From Germany, we get the ZEW survey for April. The current conditions index is anticipated to have declined for the seventh consecutive month, to +6.6 from +11.1, but the expectations index is forecast to have exited the negative territory, after staying there for 12 months. Specifically, it is expected to have risen to +0.9 from -3.6.
In the US, industrial production for March is due to be released. The forecast suggests that IP accelerated somewhat to +0.2% mom from +0.1%, but this is likely to drive the yoy rate lower as the March 2018 print, which will drop out of the yearly calculation, was at +0.7% mom. That said, bearing in mind that the ISM manufacturing PMI for the month rose to 55.3 from 54.2, we view the risks surrounding the IP forecast as tilted to the upside.

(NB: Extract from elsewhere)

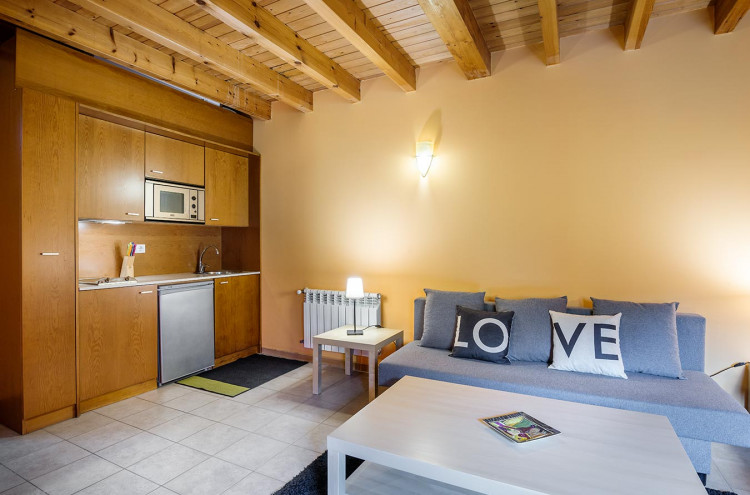 • Apartamentos Rusticos de 2 a 4 plazas: 1 habitación, salón con sofá-cama, cocina y baño.
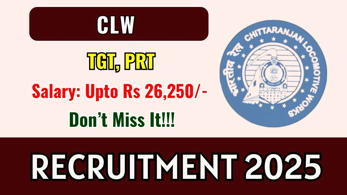 Chittaranjan Locomotive Works (CLW) Recruitment 2025 for 09 posts of TGT, PRT. Candidates with Any Graduate, B.Ed, B.Tech/B.E, M.Sc, B.El.Ed Can attend the walkin. The Walk-in interview on 10-11-2025. For detailed information please visit CLW official website, clw.indianrailways.gov.in.

As for tonight, during the Asian morning Wednesday, New Zealand’s CPI for Q1 is coming out and expectations are for the yoy rate to have moved further below the midpoint of the RBNZ’s 1-3% target range. Specifically, it is expected to have slid to +1.7% yoy from +1.9%. At its latest meeting, the RBNZ kept interest rates unchanged at +1.75%, but the statement accompanying the decision was even more dovish than previously. Officials changed the part saying that the “next OCR move could be up or down”, noting that “the more likely direction of our next OCR move is down”. According to New Zealand’s OIS (Overnight Index Swaps), there is a nearly 30% probability for a rate cut at the Bank’s upcoming gathering, scheduled for May 8th. Yes, a +1.7% yoy rate would still be above the Bank’s own projection for the quarter, which is at 1.6%, but combining it with the GDP growth rate for Q4, which was below officials’ estimates, it may prompt market participants to increase their bets with regards to a May cut.

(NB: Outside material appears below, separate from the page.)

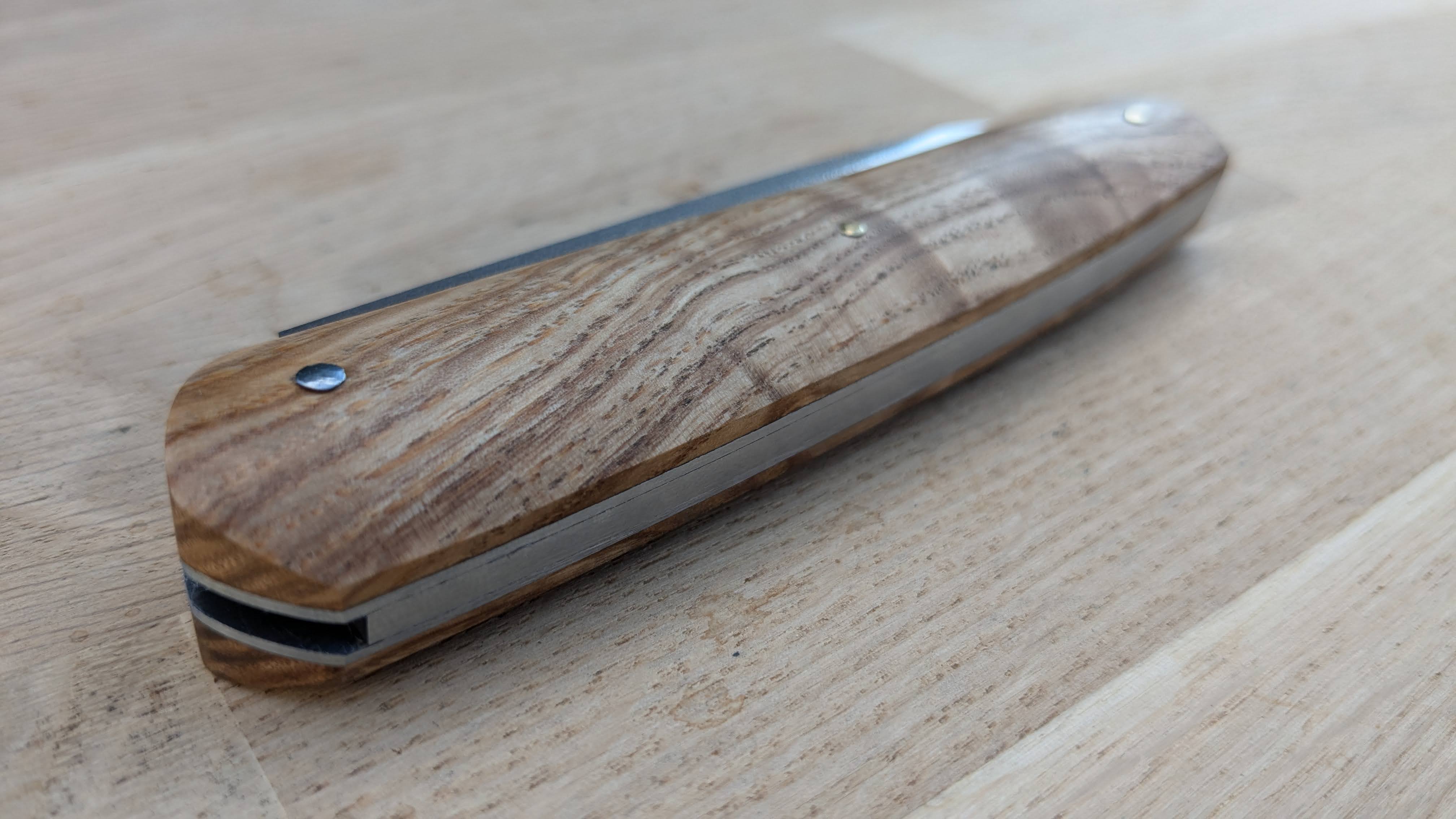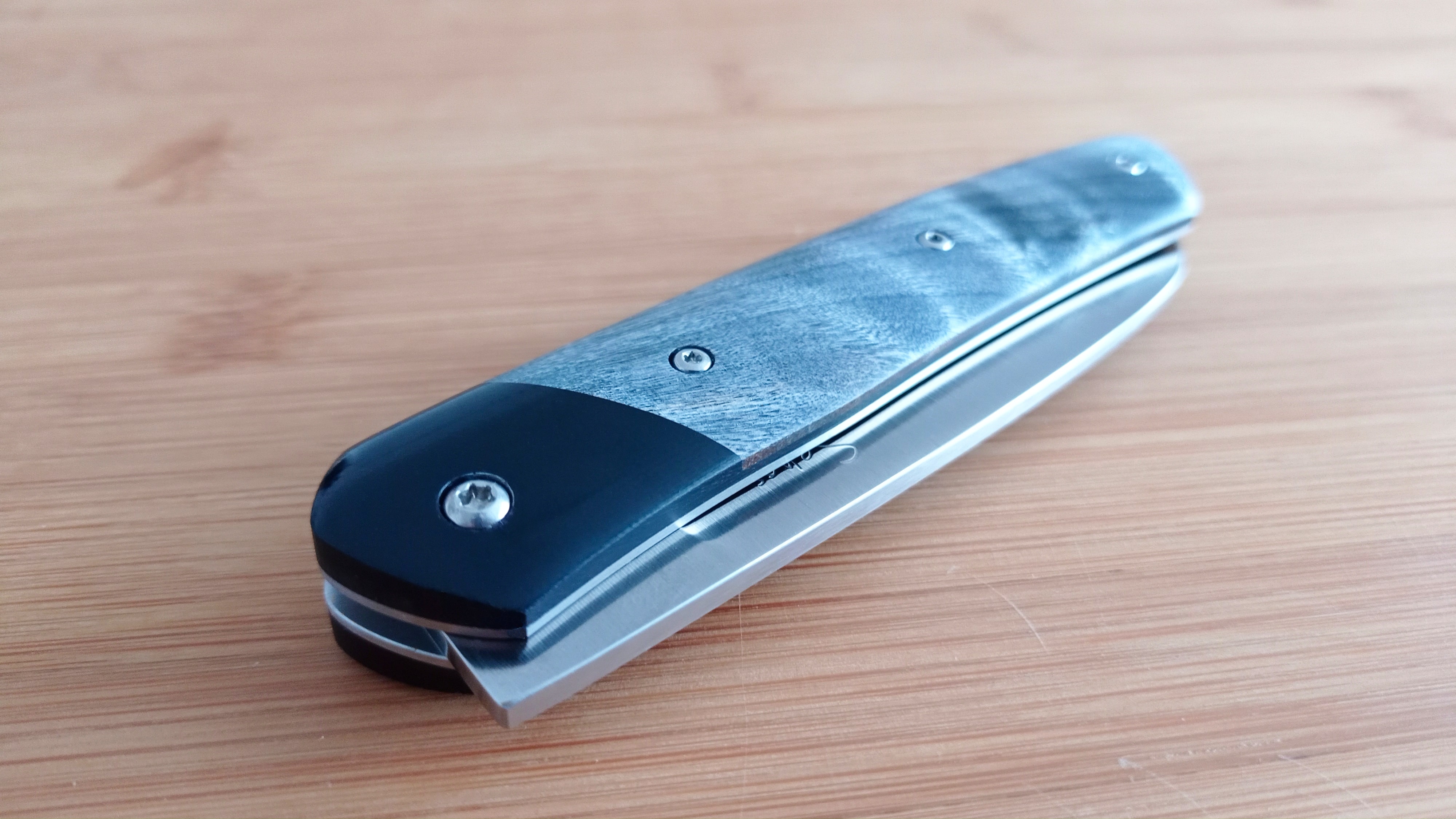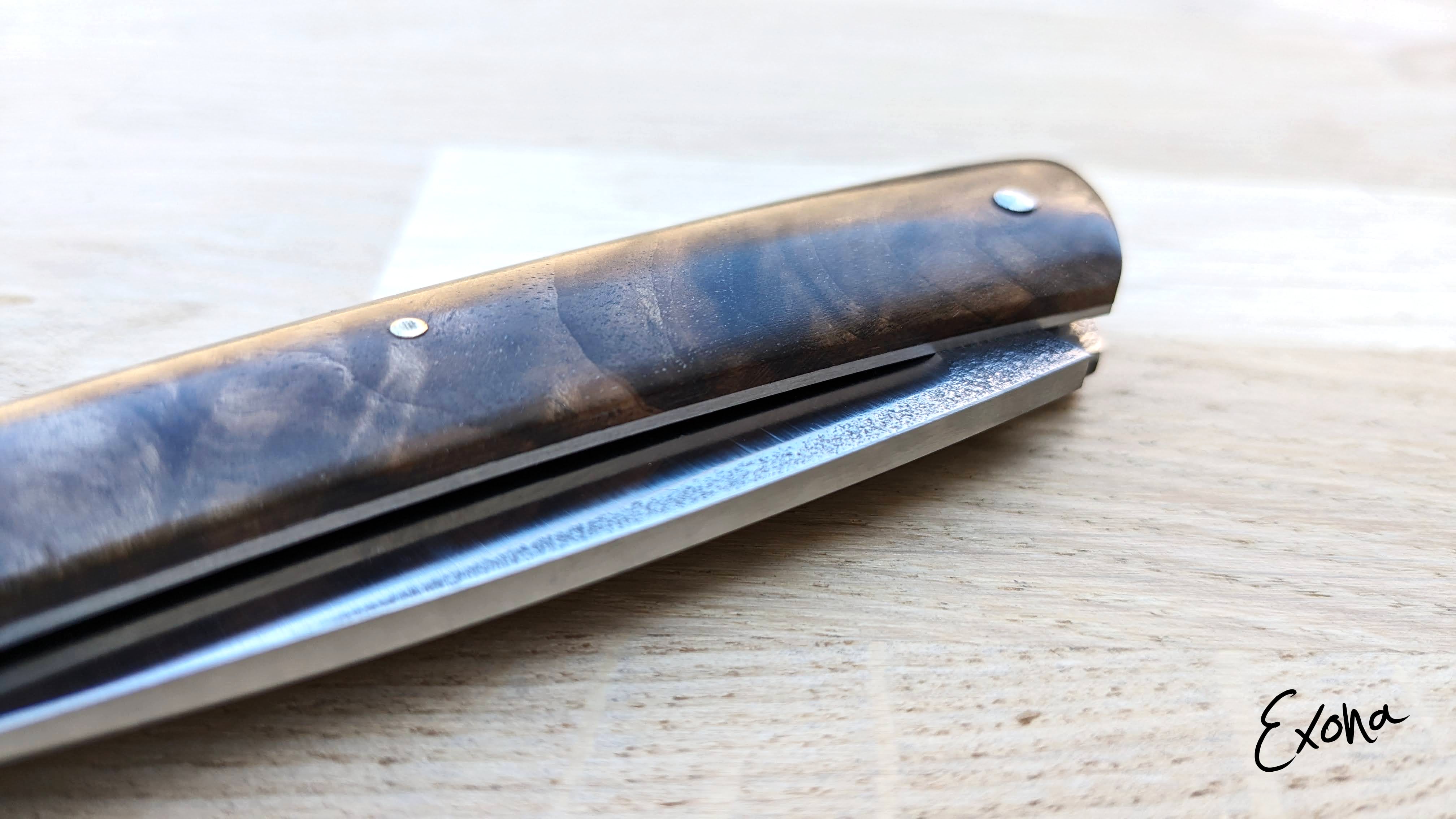 Je propose par défaut mes couteaux en cran forcé, une mécanique classique et fiable.

From China, we have GDP data for Q1, alongside the fixed asset investment, industrial production and retail sales, all for March. The qoq growth rate is forecast to have ticked down +1.4% from +1.5%, which will drag the yoy rate slightly lower, to +6.3% from +6.4%. That said, fixed asset investment, industrial production and retail sales for March, are all anticipated to have accelerated in yoy terms, entering the basket of data supporting a stabilization in the world’s second largest economy during the last month of the quarter. Thus, a 6.3% yoy growth rate by itself is unlikely to spark fresh fears. Unless of course the actual print comes in below consensus, and/or the other three releases disappoint as well. In case the forecasts are met, we believe that market participants may prefer to pay more attention to data pointing to how the economy has entered the second quarter, in order to better evaluate whether the bad days are behind us or not.
We also have two speakers on today’s agenda: ECB Governing Council Member Ewald Nowotny and Dallas Fed President Robert Kaplan.